In a related vein, David Albright and colleagues at the Institute for Science and International Security (ISIS) state, “Despite the fact that Iran no longer has a stock of near 20 percent low enriched uranium (LEU) in hexafluoride form, it retains a significant portion of this material in the form of oxide. Under the July 2014 extension of the interim deal of the Joint Plan of Action, Iran pledged to convert 25 kilograms of LEU oxide into fuel assemblies for the Tehran Research Reactor.” A large quantity of this LEU is recoverable and usable in fuel or in a breakout to nuclear weapons.
Moreover, Mark Hibbs, an expert in conversion and contributor to Arms Control Wonk, states, “Iran could process its entire inventory of 20-percent-enriched U3O8 to produce UF6 in a matter of a few weeks,” much less time for breakout than the Obama administration’s goal of a minimum of 12 months. Indeed, enrichment up to 3.5 percent purity is roughly 60 percent of what is needed to enrich further for weapons-grade uranium. Enriched uranium in oxide form, moreover, can be prepared for further enrichment in about two weeks.
The above comments are from a specialist who headed an important section of the IAEA (Heinonen), a former IAEA nuclear weapons inspector (Albright), and an expert in conversion (Hibbs). They are independents with no axe to grind in the dispute between Capitol Hill and the Executive branch about Iran’s nuclear progress.
The Way Forward
Coming into the Oval Office, President Obama expressed a preference for bipartisanship but has recently transitioned to a more partisan approach to governing. Republicans have done their part, mostly for good reasons, in pushing him toward partisanship. That said, however, the Nuclear Weapon Free Iran Act of 2015 (Kirk-Menendez bill) offers a humongous chance to revert to his original professed inclination toward bipartisanship.
Many Republicans consider his stated preference for bipartisanship to be fake posturing. On one hand, this Republican believes the mantra of changing Washington was genuine. On the other hand, I am critical of the president’s being more concerned with how Iran would interpret any new sanctions than with how his congressional allies are advocating conditional sanctions that do not begin immediately.
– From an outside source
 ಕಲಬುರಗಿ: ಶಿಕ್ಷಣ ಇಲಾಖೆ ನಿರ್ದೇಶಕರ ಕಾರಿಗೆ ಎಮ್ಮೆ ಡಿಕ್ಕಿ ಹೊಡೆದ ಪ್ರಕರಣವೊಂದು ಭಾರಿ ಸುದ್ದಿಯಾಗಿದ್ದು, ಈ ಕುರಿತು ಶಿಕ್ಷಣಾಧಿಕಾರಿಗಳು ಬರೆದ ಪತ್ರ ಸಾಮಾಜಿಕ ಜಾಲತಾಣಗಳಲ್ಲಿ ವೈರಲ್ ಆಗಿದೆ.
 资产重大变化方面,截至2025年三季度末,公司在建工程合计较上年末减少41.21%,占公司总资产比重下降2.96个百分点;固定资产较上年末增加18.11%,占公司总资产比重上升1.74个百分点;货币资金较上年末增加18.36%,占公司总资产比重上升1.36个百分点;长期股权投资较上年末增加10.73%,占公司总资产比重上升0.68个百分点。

With the oil price drop, effects of current sanctions, and overextended Iranian involvement in Yemen, Lebanon, Syria, and the Palestinian territories, President Obama’s negotiating hand is much stronger than the Supreme Leader Ali Khamenei’s. Hence, the moment is ripe for reversion to professed bipartisanship by seizing the moment offered by his allies on Capitol Hill. If not now, when? Now is the time to lead the congressional consensus against Iran’s developing the bomb. Now is the time for a ceasefire in the war for Washington over sanctions against Tehran and its march toward becoming a threshold nuclear weapon state.
This post has been updated to reflect the outcome of Thursday’s vote.